* Excerpted records *
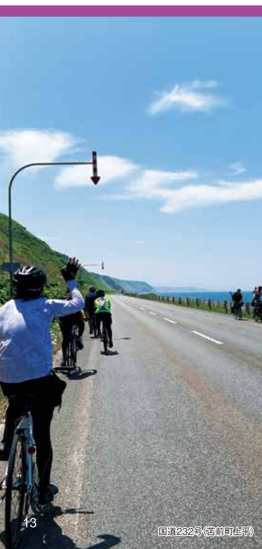
国道232号(苫前町上平)
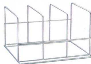
⑩ Ω 18-8 中華まな板立 TT-3 (AMN-94) 5-0309-1001 ¥25,000 517×453×H310 適応サイズ:φ400~φ500 厚さ150mmまで ●中華まな板が3枚まで立てられます。
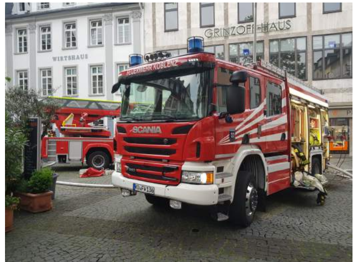
Der Einsatz in der Altstadt von Koblenz gestaltete sich langwierig und sehr personalintensiv

Langwieriger gestaltete sich allerdings der besagte Einsatz in der Altstadt. Hierhin wurden die Besatzungen von HLF und TLF der Einheit Arenberg/Immendorf zur Unterstützung der vor Ort befindlichen Einsatzkräfte nachalarmiert. Gemeinsam mit Kräften der Berufsfeuerwehr sowie den Einheiten Bubenheim und Rübenach
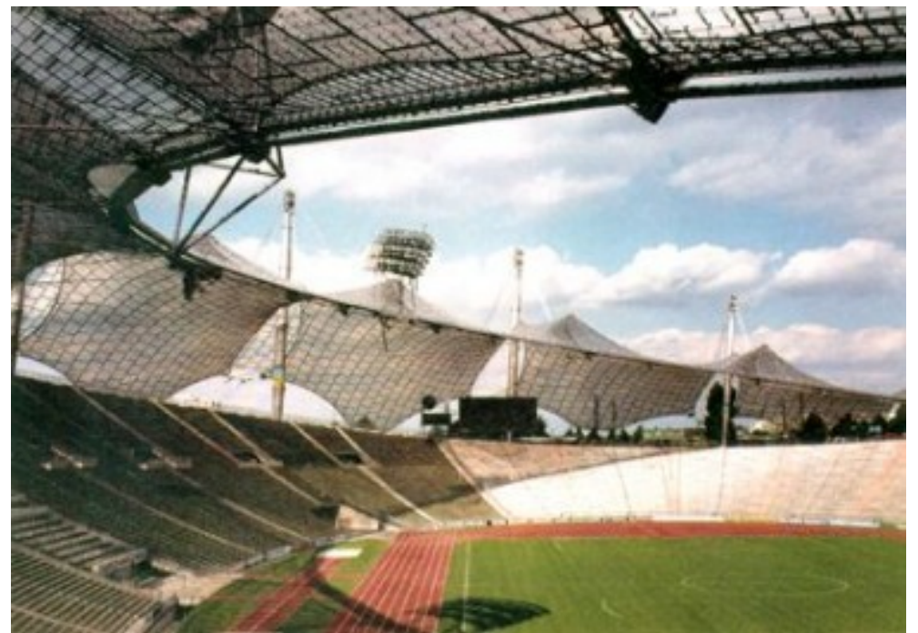
toit du Stade Olympique de Munich
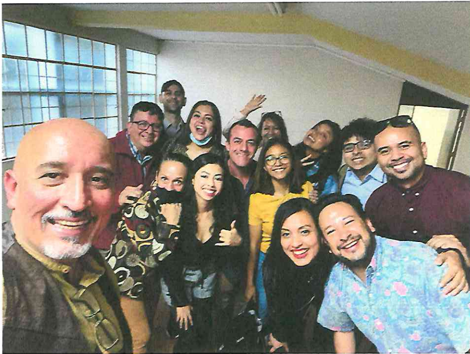
Primera reunión con el elenco e inicio de ejercicios de improvisación e imaginación.
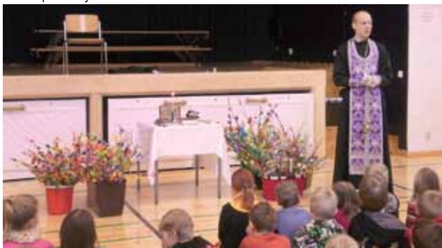
■ Virpovitsojen siunaus.
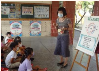
視力、口腔衛教宣導
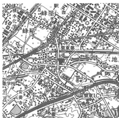
(京都東北部・近江八幡)

手原遺跡は、JR草津線手原駅周辺を中心として東西約七〇〇mに広がる遺跡である。これまでの調査により、およそ手原駅の西
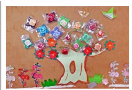
デイサービス利用者の作品
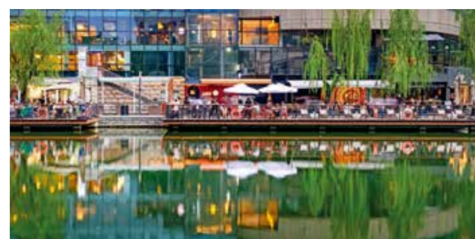
亮马河岸的多彩生活
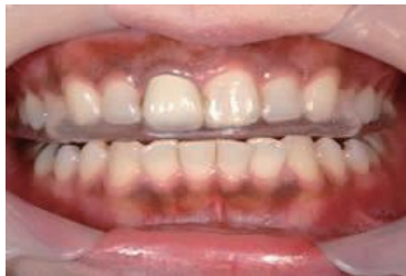
予防のためにマウスピース装着

対応: 減りすぎたところを樹脂で治したり、場合によっては被せ物を入れることもあります。進行を抑えたり、予防のために左写真のようにマウスピースを装着してもらうこともあります。
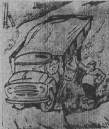
—Махнем «Пшеничную» на пшеницу? Рис. Ю. ГРИГОРЬЕВА.

Коза гостей однажды пригласила: Знакомых и родных, соседей не забыла, Чтоб сдвинуть ее: «Коза щедрая!» Стоя у Козы, ломился от добра. Явилось жадных множество пород. Хозяйка званных просит в огород: —Добро пожаловать! Для вас я стол накрыла! Гостеприимством всех пленила! И гости принялись усердно за еду, С грибами перебежая на гриду, Хозяйке и еде оказывали честь, И съели все они, что можно было съесть. А щедрая Коза все просят об одном: —Покушайте еще! Не брезгуйте добром! Неужто так щедра Коза? Нет, крепко спали сторожа!
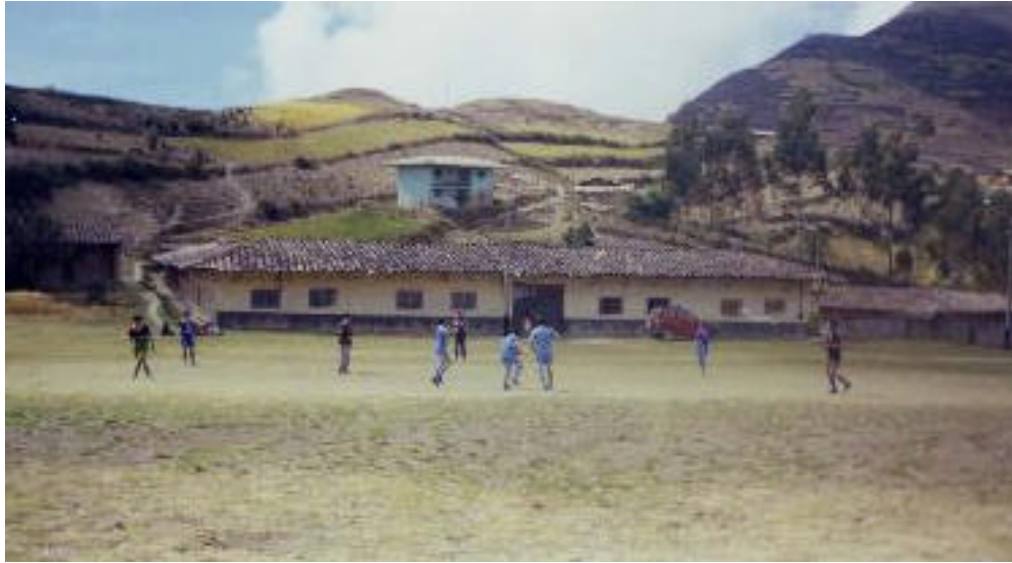
Imagen 3. Escuela primaria.
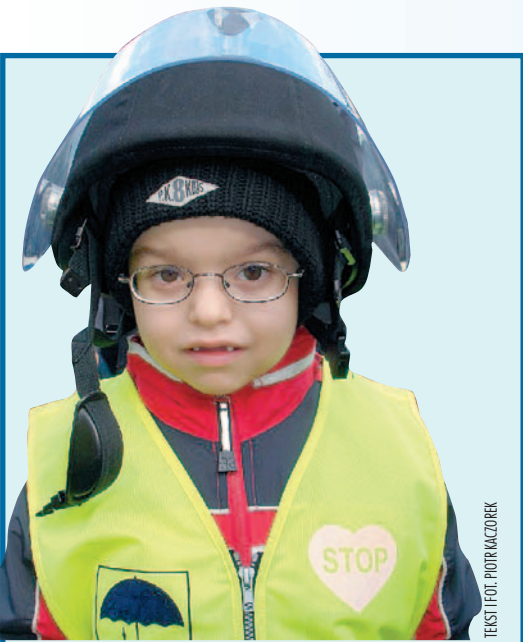
TEKST I FOT. PIOTR KACZOREK

Policjanci z Komisariatu na Białolece od początku sierpnia mieli pełne ręce pracy. Rozwiązywali kryminalne równanie z dwiema niewiadomymi. Jedną niewiadomą były oszustwa przy oferowaniu pracy w Niemczech i Wielkiej Brytanii, drugą oszustwa przy proponowaniu mieszkań do wynajęcia.
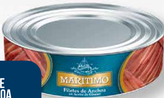
10FA5 FILETE ANCHOA R0-1000 16X UND
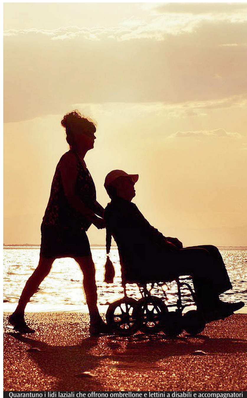
Quarantuno i lidi liaziali che offrono ombrellone e lettini a disabili e accompagnatori

Regione Lazio, Guardia costiera e associazioni rendono più inclusive le spiagge del Lazio
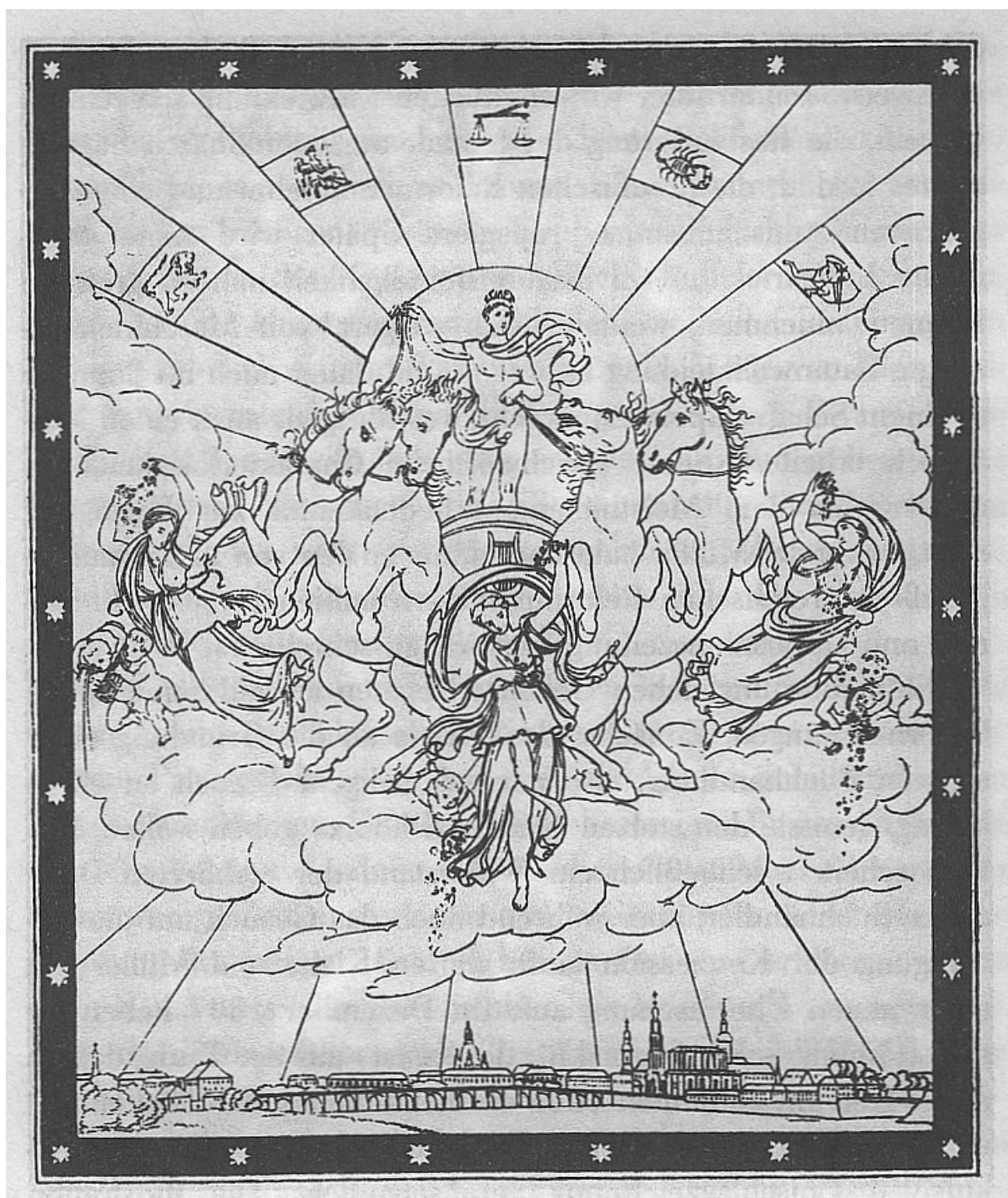
Illustration 11: Char de Phébus. Frontispice du Phöbus. Ferdinand Hartmann – Klaus Günzel: Kleist. Ein Lebensbild in Briefen und zeitgenössischen Berichten. Berlin 1984, p. 250
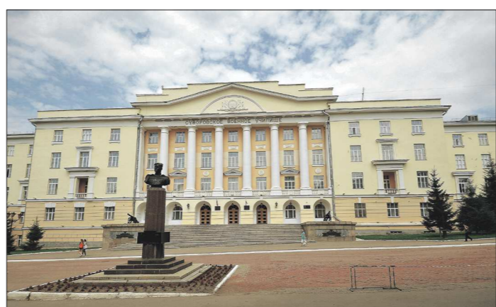
Суворовское училище – яркий пример архитектурного стиля неоклассицизма второй половины 30-х годов XX века

Окончательные решены и споры вокруг расчётов ресурсов, потраченных на общедомовые нужды: будут учитываться лишь реальные расходы – за неотопляемые чердаки и неосвещаемые подвалы платить будет не нужно.
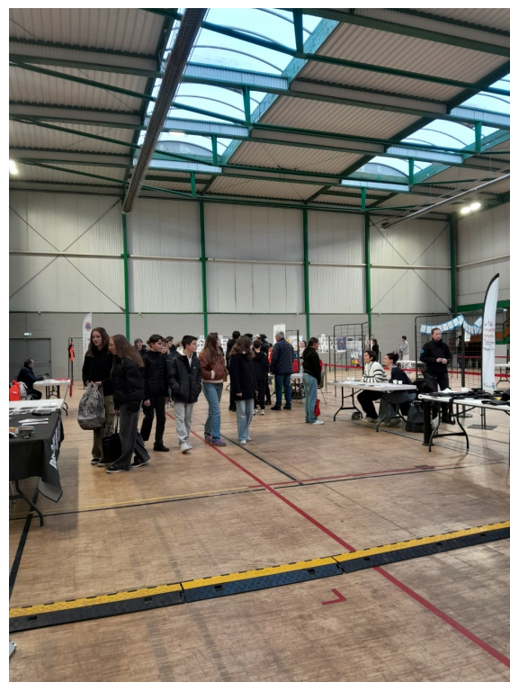
Arrivée des premiers collégiens

Entre 350 et 400 élèves des collèges et lycées environnants ont participé à cette journée organisée par la municipalité de Pont-Audemer sous l'égide de Madame DUTILLOY, adjointe au maire. De nombreux stands : gendarmerie, armée de l'air, marine et armée de terre, protection civile et police nationale et municipale étaient présents pour accueillir tous ces jeunes. Nous étions invités à y participer.
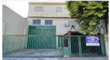
VILLA MARTELLI Inmueble Industrial

Con oficinas, cocheras s/lote 10x50 con 453m2 cubiertos - POSIBILIDAD DE AMPLIACION. DEPA2145
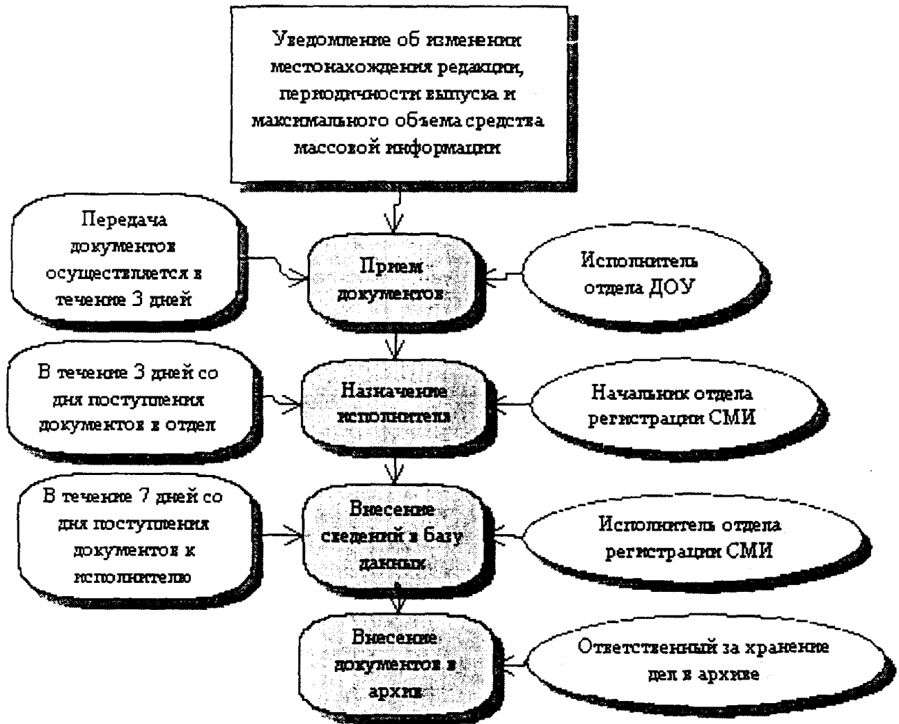
Блок-схема административной процедуры. Выдача дубликата свидетельства о регистрации СМИ

* The problem *
Only an exact copy of the records, free of images, belongs in the answer.

* Reply *
国道232号(苫前町上平)
⑩ Ω 18-8 中華まな板立 TT-3 (AMN-94) 5-0309-1001 ¥25,000 517×453×H310 適応サイズ:φ400~φ500 厚さ150mmまで ●中華まな板が3枚まで立てられます。
Der Einsatz in der Altstadt von Koblenz gestaltete sich langwierig und sehr personalintensiv

Langwieriger gestaltete sich allerdings der besagte Einsatz in der Altstadt. Hierhin wurden die Besatzungen von HLF und TLF der Einheit Arenberg/Immendorf zur Unterstützung der vor Ort befindlichen Einsatzkräfte nachalarmiert. Gemeinsam mit Kräften der Berufsfeuerwehr sowie den Einheiten Bubenheim und Rübenach
toit du Stade Olympique de Munich
Primera reunión con el elenco e inicio de ejercicios de improvisación e imaginación.
■ Virpovitsojen siunaus.
視力、口腔衛教宣導
(京都東北部・近江八幡)

手原遺跡は、JR草津線手原駅周辺を中心として東西約七〇〇mに広がる遺跡である。これまでの調査により、およそ手原駅の西
デイサービス利用者の作品
亮马河岸的多彩生活
予防のためにマウスピース装着

対応: 減りすぎたところを樹脂で治したり、場合によっては被せ物を入れることもあります。進行を抑えたり、予防のために左写真のようにマウスピースを装着してもらうこともあります。
—Махнем «Пшеничную» на пшеницу? Рис. Ю. ГРИГОРЬЕВА.

Коза гостей однажды пригласила: Знакомых и родных, соседей не забыла, Чтоб сдвинуть ее: «Коза щедрая!» Стоя у Козы, ломился от добра. Явилось жадных множество пород. Хозяйка званных просит в огород: —Добро пожаловать! Для вас я стол накрыла! Гостеприимством всех пленила! И гости принялись усердно за еду, С грибами перебежая на гриду, Хозяйке и еде оказывали честь, И съели все они, что можно было съесть. А щедрая Коза все просят об одном: —Покушайте еще! Не брезгуйте добром! Неужто так щедра Коза? Нет, крепко спали сторожа!
Imagen 3. Escuela primaria.
TEKST I FOT. PIOTR KACZOREK

Policjanci z Komisariatu na Białolece od początku sierpnia mieli pełne ręce pracy. Rozwiązywali kryminalne równanie z dwiema niewiadomymi. Jedną niewiadomą były oszustwa przy oferowaniu pracy w Niemczech i Wielkiej Brytanii, drugą oszustwa przy proponowaniu mieszkań do wynajęcia.
10FA5 FILETE ANCHOA R0-1000 16X UND
Quarantuno i lidi liaziali che offrono ombrellone e lettini a disabili e accompagnatori

Regione Lazio, Guardia costiera e associazioni rendono più inclusive le spiagge del Lazio
Illustration 11: Char de Phébus. Frontispice du Phöbus. Ferdinand Hartmann – Klaus Günzel: Kleist. Ein Lebensbild in Briefen und zeitgenössischen Berichten. Berlin 1984, p. 250
Суворовское училище – яркий пример архитектурного стиля неоклассицизма второй половины 30-х годов XX века

Окончательные решены и споры вокруг расчётов ресурсов, потраченных на общедомовые нужды: будут учитываться лишь реальные расходы – за неотопляемые чердаки и неосвещаемые подвалы платить будет не нужно.
Arrivée des premiers collégiens

Entre 350 et 400 élèves des collèges et lycées environnants ont participé à cette journée organisée par la municipalité de Pont-Audemer sous l'égide de Madame DUTILLOY, adjointe au maire. De nombreux stands : gendarmerie, armée de l'air, marine et armée de terre, protection civile et police nationale et municipale étaient présents pour accueillir tous ces jeunes. Nous étions invités à y participer.
VILLA MARTELLI Inmueble Industrial

Con oficinas, cocheras s/lote 10x50 con 453m2 cubiertos - POSIBILIDAD DE AMPLIACION. DEPA2145
Блок-схема административной процедуры. Выдача дубликата свидетельства о регистрации СМИ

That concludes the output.